Она в Германии. Она отправилась вместе с Зеппом к своей матери. Мать терпеть не могла Зеппа, да к тому же она давно умерла. Но им ничего не оставалось, как поехать к ней, в другом месте их нашли бы нацисты, а у матери полиция уже побывала и, значит, вторично не сделает у нее обыска. Они сели в трамвай. Хорошо, что Зепп так неряшливо одет, людям труднее будет догадаться, что это Траутвейн; и в самом деле, никто его не узнал. Но надо пересесть на номер двадцать четвертый. Здесь их подстерегают новые опасности, на остановке всегда так людно, тут легко может случиться, что тебя узнают и схватят. А двадцать четвертого нет как нет; если мать не одна, это опасно, даже горничная Лена — и та опасна. Наконец они стоят у дверей квартиры. Но Зепп вдруг заявляет, что все это невозможно глупо; он поедет в Одеон и отправится в свой класс. Она в отчаянии, она заклинает его, приводит довод за доводом. Зепп вызвал лифт, но не успел войти, как Анна нажала кнопку и послала кабину обратно вниз. Зепп только зло рассмеялся и стал спускаться по лестнице. Есть от чего прийти в отчаяние, он всегда верен себе, нет границ его упрямству. И теперь — она это предвидела — кто-то поднимается по лестнице ему навстречу и заговаривает с ним.
— А, вот и вы, господин профессор.
Это его ученик, Анна знает его, но не может вспомнить, как его зовут. Они идут опять наверх. Ученик — его фамилия Гольцман или что-то в этом роде — подмигивает ей и Зеппу, нагло, фамильярно, подло.
— Легко могу себе представить, что происходит, но не бойтесь, я вас не выдам.
Анна, однако, понимает, что это ловушка. Лифт опять поднимается, теперь это, наверно, они и они заберут Зеппа. Лифт останавливается с глухим шумом, дверь открылась — и Анна проснулась вся в поту.
Она огляделась и с большим облегчением поняла, что находится в гостинице «Аранхуэс», в городе Париже, а не в третьей империи, что ей нечего бояться лифта, поднимается он или опускается. Такие сны, будто она в Германии и ее преследуют нацисты, часто виделись ей, и почти все эмигранты рассказывали, что им снятся подобные ужасы. К числу хороших минут — в жизни эмигранта их немного — принадлежит минута, когда, проснувшись, убеждаешься, что ты не на родине.

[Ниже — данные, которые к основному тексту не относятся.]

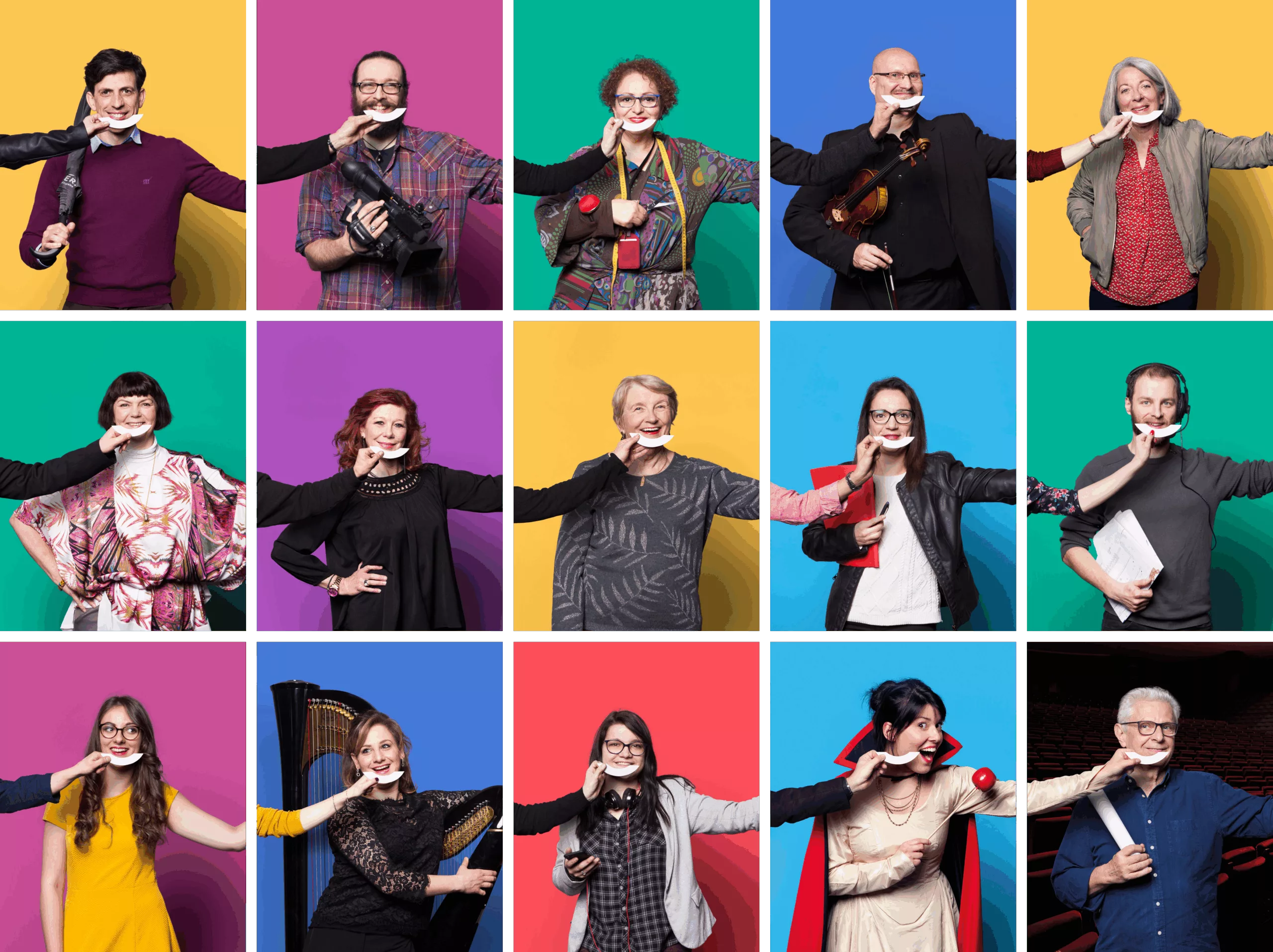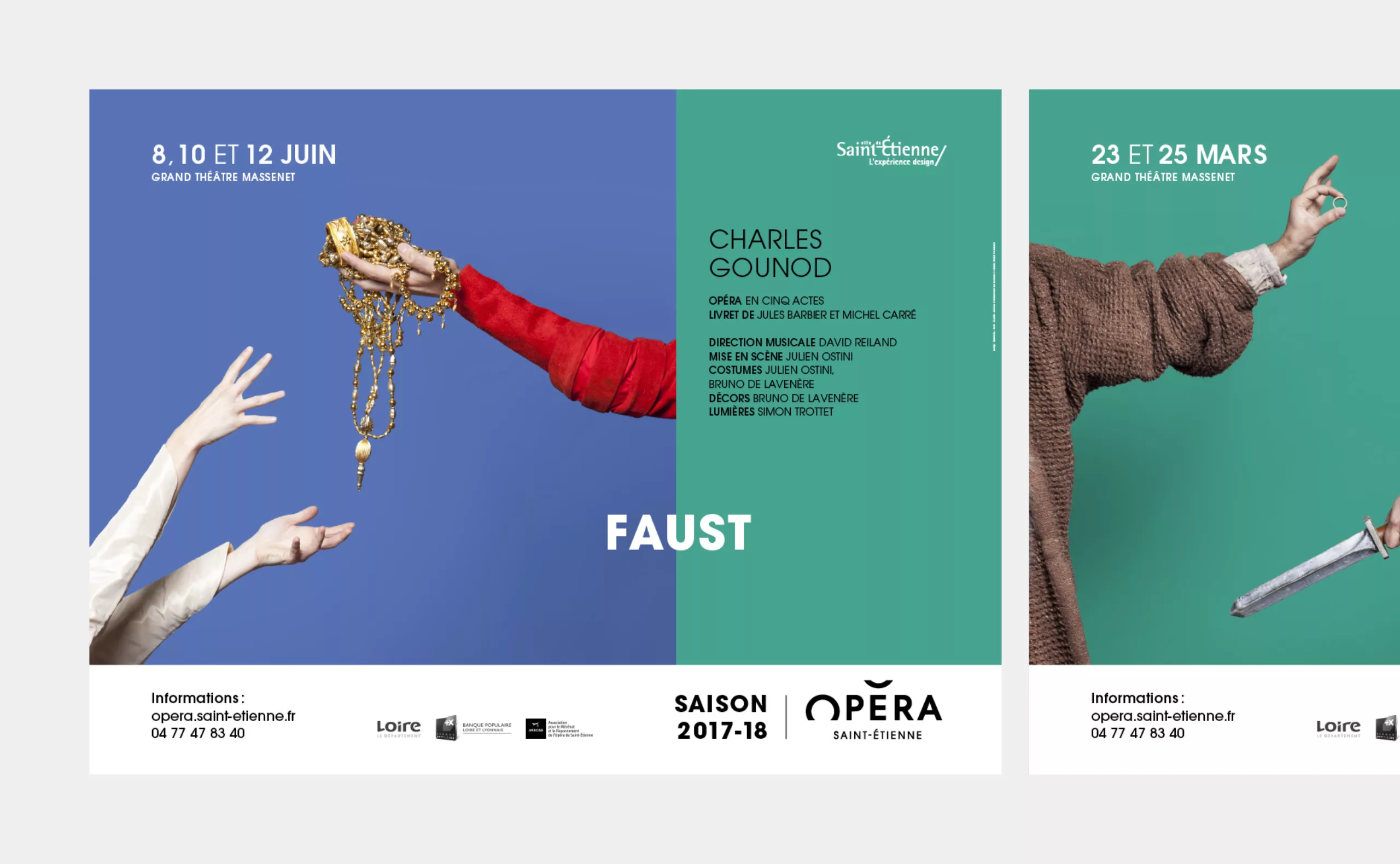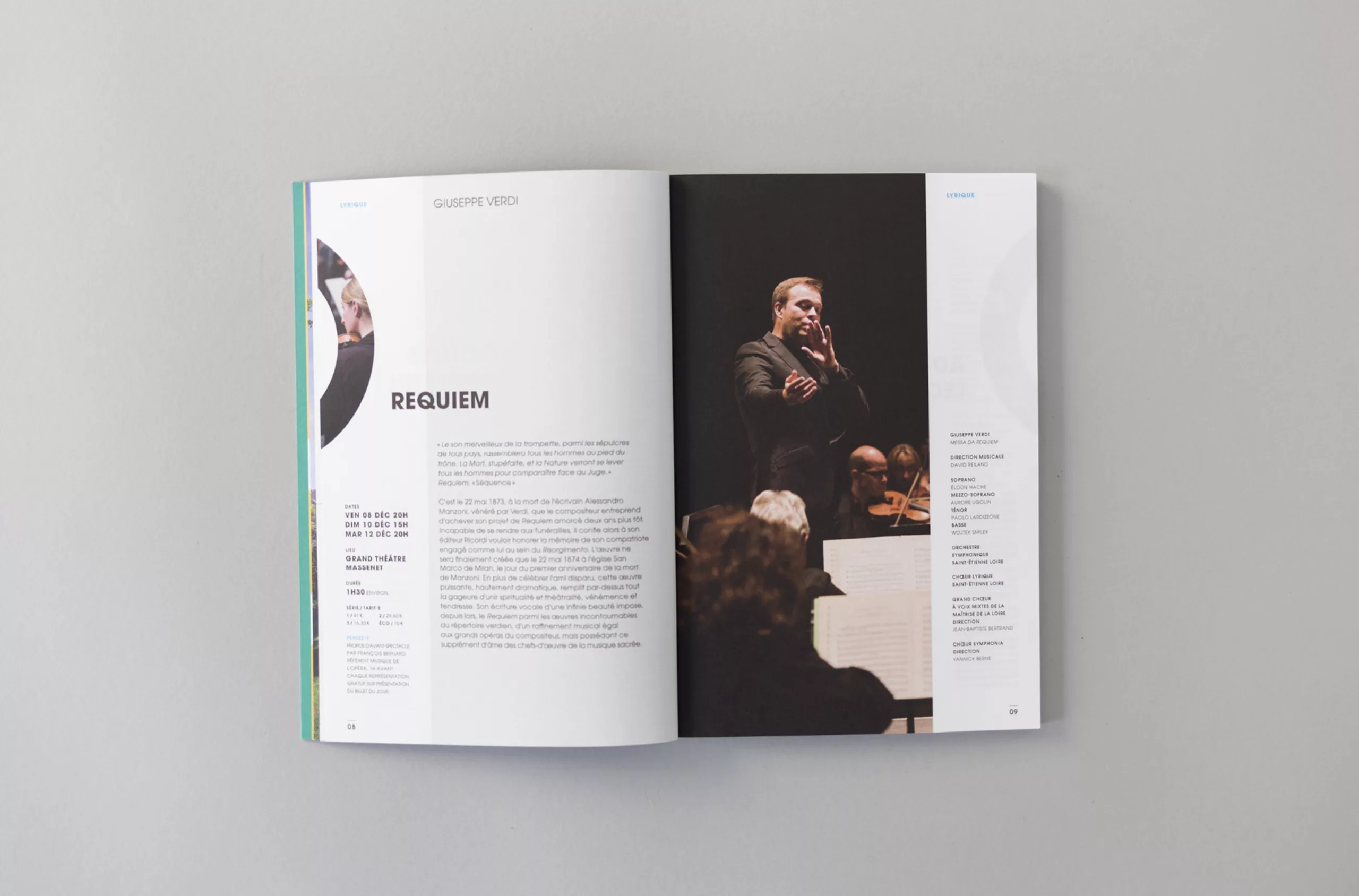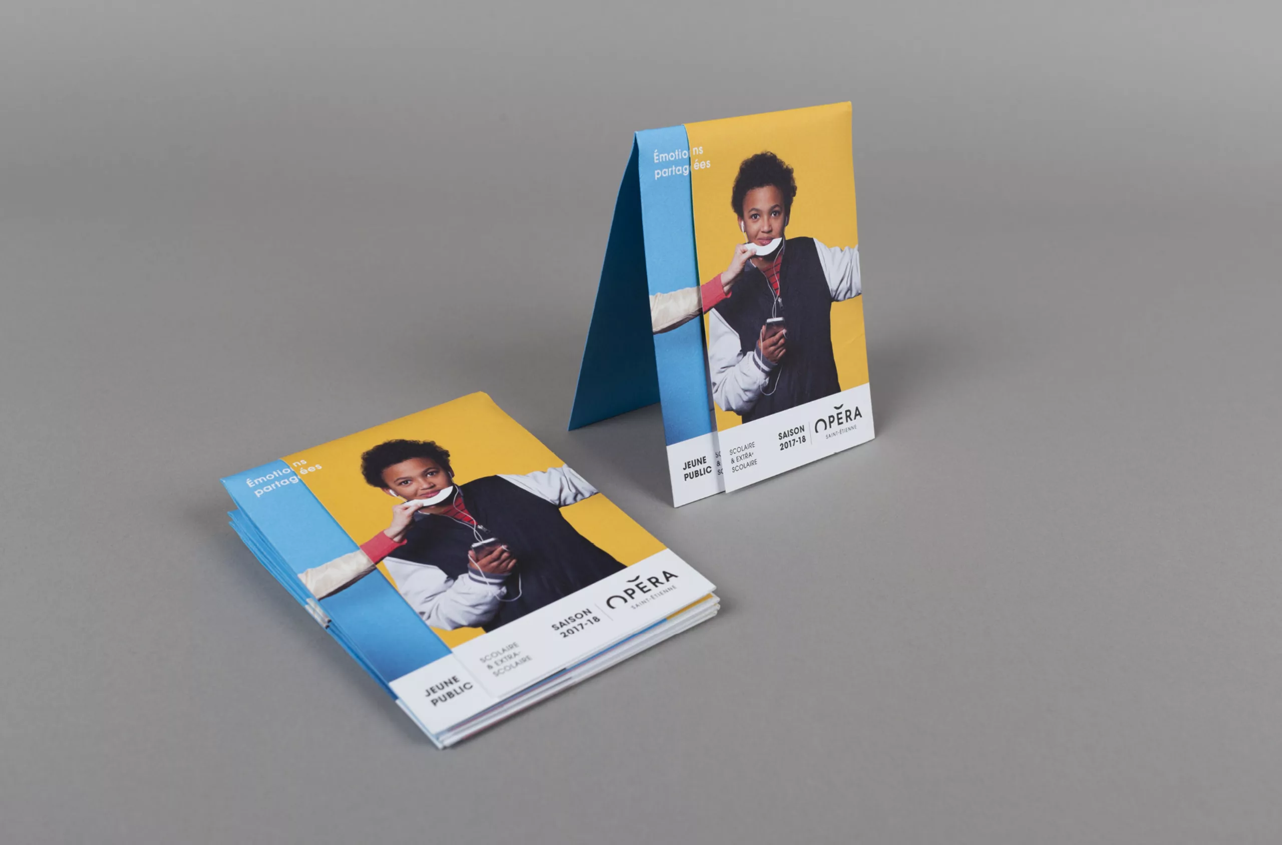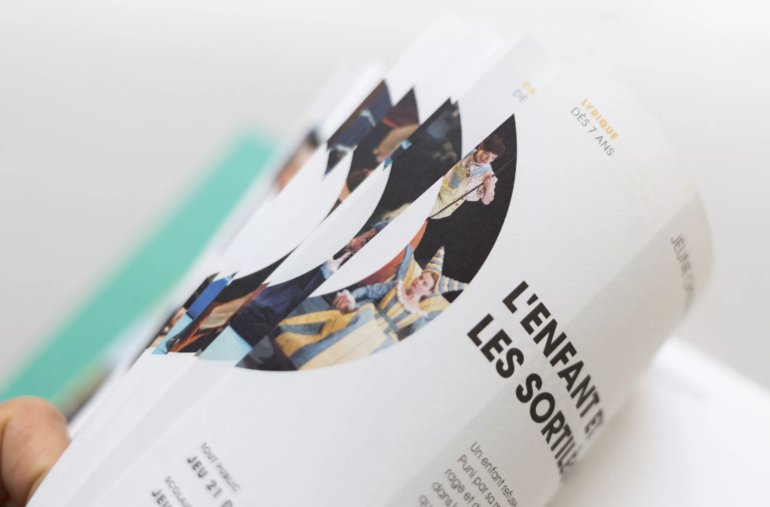 En 2015, nous concevions l’identité visuelle de l’opéra. Un logo typographique décrivant autant le bâtiment (avec son accent en forme de pagode) que la mission de cet opéra (accueillir et divertir tous les publics). Au fur et à mesure des saisons, le challenge était de poursuivre et renouveler cette histoire. Pour la première édition, nous mettions en avant les agents, puis l’orchestre l’année suivante. En 2017, nous avions décidé de mélanger les agents, les musiciens et les publics !

Анна открыла ставни. Теперь, вечером, дышалось чуть полегче. Она окинула комнату взглядом хозяйки. Зепп отличается способностью производить неимоверный беспорядок. Письменный стол, как всегда, загроможден, она обычно убирает его с предельной осторожностью, не перекладывая вещей с места на место. Серо-голубой конверт со штампом «Парижских новостей» можно со спокойной совестью выбросить в корзинку для бумаг. Или Зепп сделал себе на нем какую-нибудь пометку? Нет, письмо лежит рядом. Она взяла его в руки и непроизвольно, без всякого любопытства прочла; у Зеппа не было от нее секретов.
Она прочла, она поняла.
Ей всегда было ясно, ясно как день, что так оно будет. Но сейчас, когда письмо лежит перед ней, написанное на машинке, на нее нападает такой страх, что начинают дрожать колени. Анна стоит, прислонившись к письменному столу, опустив руку с письмом, и не догадывается сесть. «Я же знала», — отмечает она про себя, и к ее отчаянию примешивается слабая и печальная нотка удовлетворения: она была права.
«Значит, все кончено», — деловито установила Анна.
Но тут она взбунтовалась, нет, она не сдастся. Как это — все кончено?
Еще остались деньги от гонорара за «Персов». Ей предстоит получить премиальные у Вольгемута, до зимы они прекрасно продержатся, а за это время она непременно найдет другую работу.
Превосходно. Если бы дело шло только о ней и Гансе, она бы не боялась. Но с Зеппом так неимоверно трудно. Он сопротивляется всякому разумному изменению условий жизни, он все губит, в нем живет какой-то дикий инстинкт разрушения, над которым никто не властен. То, что он неряха, что он не хочет в Лондон, что он выбирает себе таких друзей, как Черниг, Гарри Майзель и Рингсейс, — все это исходит из одних и тех же мрачных глубин. Это началось, когда он покинул Германию, вынужден был уехать из Мюнхена. Он, не сопротивляясь, падает, он хочет упасть. Может показаться, что вместе с Мюнхеном у пего отняли его естественную опору — и он не может не рухнуть.
Все это Анна не столько думает, сколько чувствует, и это чувство поражает ее глубже и опаснее, чем мысли. Иногда бывает, что сначала стойко выдерживаешь удар и лишь некоторое время спустя, когда все уже давно кончилось, тебя начинает трясти. Так и Анну только теперь со всей силой охватывают гнев и отчаяние.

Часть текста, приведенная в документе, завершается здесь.